The U.S. Environmental Protection Agency (EPA) Office of Water, Office of Wetlands, Oceans and Watersheds and Office of Science and Technology (OST) are mapping the nation's impaired waters, assessed waters, and the designated uses of waters to the National Hydrography Dataset (NHD). Assessed waters are submitted to EPA by states in accordance with section 305(b) of the Clean Water Act. Impaired waters, which do not meet the designated uses defined in state water quality standards (WQS), are listed by states as required under section 303(d) of the Clean Water Act. The EPA OST coordinates the mapping of the WQS-designated uses from the various jurisdictions of states, tribes, and U.S. territories. This coordination is facilitated by use of the National Water Quality Standards Data Base (WQSDB), which ties together the designated uses of different states into a consistent, national format.
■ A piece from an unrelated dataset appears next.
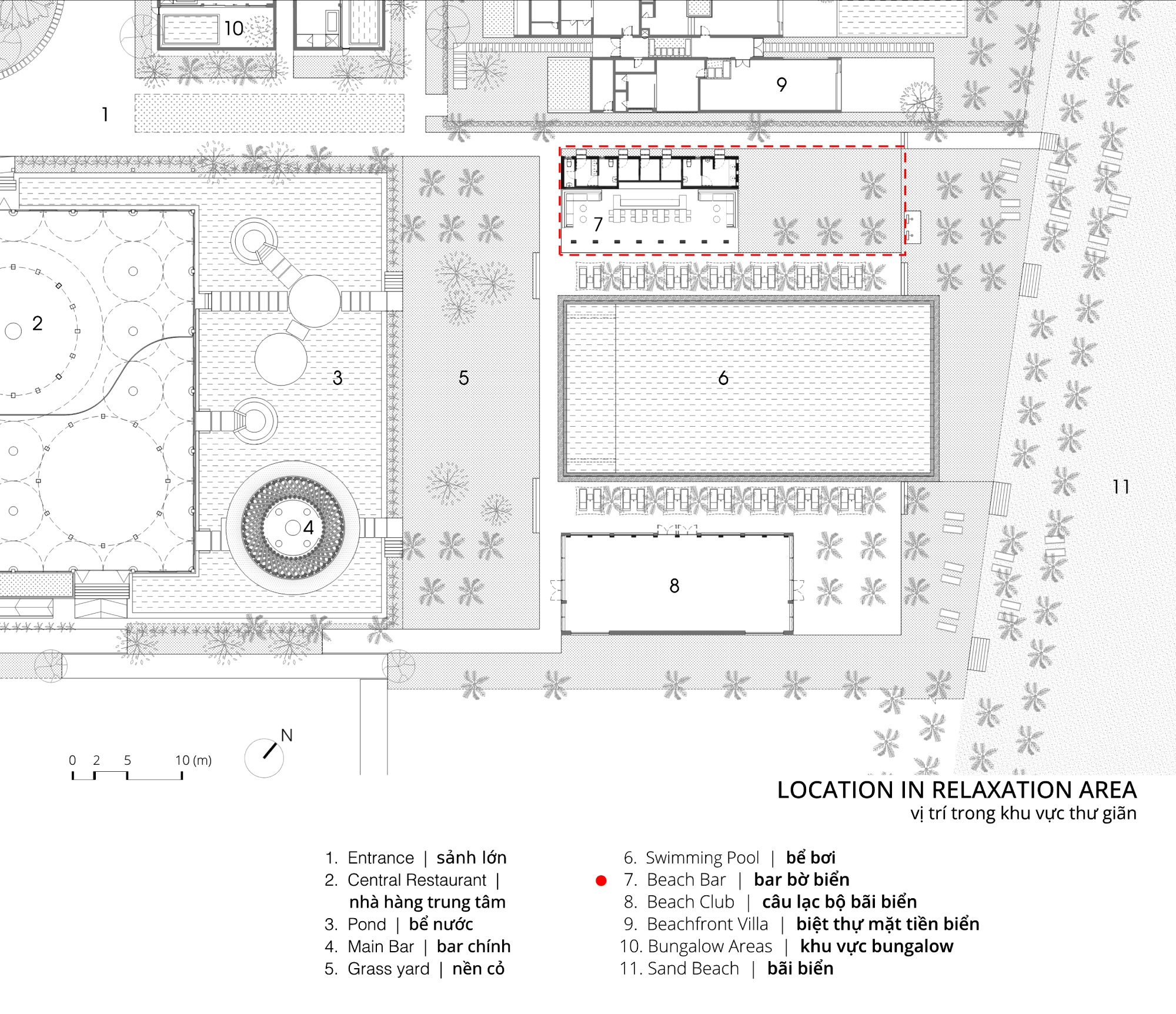 Trên bản đồ tổng mặt bằng, công trình được bố trí ở vị trí có thể ảnh hưởng tới xung quanh. Khi dự án vừa mới phác thảo, Bar Bờ Biển được cho rằng bên cạnh việc kết hợp với Câu Lạc Bộ Bãi Biển (beach club) và Bể Bơi Trung Tâm (central swimming pool) để phục vụ khách tham gia trong khu giải trí quanh hồ bơi, bản thân Bar Bờ Biển phải có khả năng gây được sự chú ý của du khách đến từ bãi biển cũng như người từ các bungalow, khách sạn, nhà hàng trên đường ra bãi biển. Nó được mong đợi là một điểm dừng tốt. Lúc đầu, phác thảo 1 được đề xuất có cấu trúc gần như bằng tre toàn bộ với chỉ một bức tường đá làm mặt tiền phía sau giúp giữ cho phần tre khỏi gió mạnh. Tuy nhiên, sau đó khách hàng đã yêu cầu kiến trúc sư bổ sung thêm diện tích làm kho, wc và phòng kỹ thuật. Do vậy phác thảo 2 đã được đề xuất thay thế, với một khối bổ sung xây bằng khung bê tông và tường gạch với đá ốp hoàn thiện, nhằm đáp ứng các chức năng đó. Đề xuất này đã được lựa chọn và phát triển, trở thành công trình thực sự của khu nghỉ dưỡng hiện nay.

EPA is integrating its databases into one common geographic platform. The integration project, known as WATERS (Watershed Assessment, Tracking & Environmental Results), unites water quality information previously available on individual state agency home pages and several EPA Web sites. State and federal water quality managers, as well as interested citizens, can use WATERS to quickly identify the status of individual waterbodies of interest to them. WATERS can also be used to generate summary reports on all waters in a given state. Currently, WATERS can display program information that includes impaired waters from the 303(d) list and the designated uses from the WQSDB. EPA will update WATERS as new information becomes available. For a detailed description and future releases of WATERS (currently available on the Internet at http://www.epa.gov/waters), see Dewald (2001). The Internet repository of state and tribal water quality standards is also available on EPA's Web site at http://www.epa.gov/ost/wqs. This Web site can be used to obtain the full text of water quality standards that are in effect under the Clean Water Act for each State and for each Tribe authorized to develop standards.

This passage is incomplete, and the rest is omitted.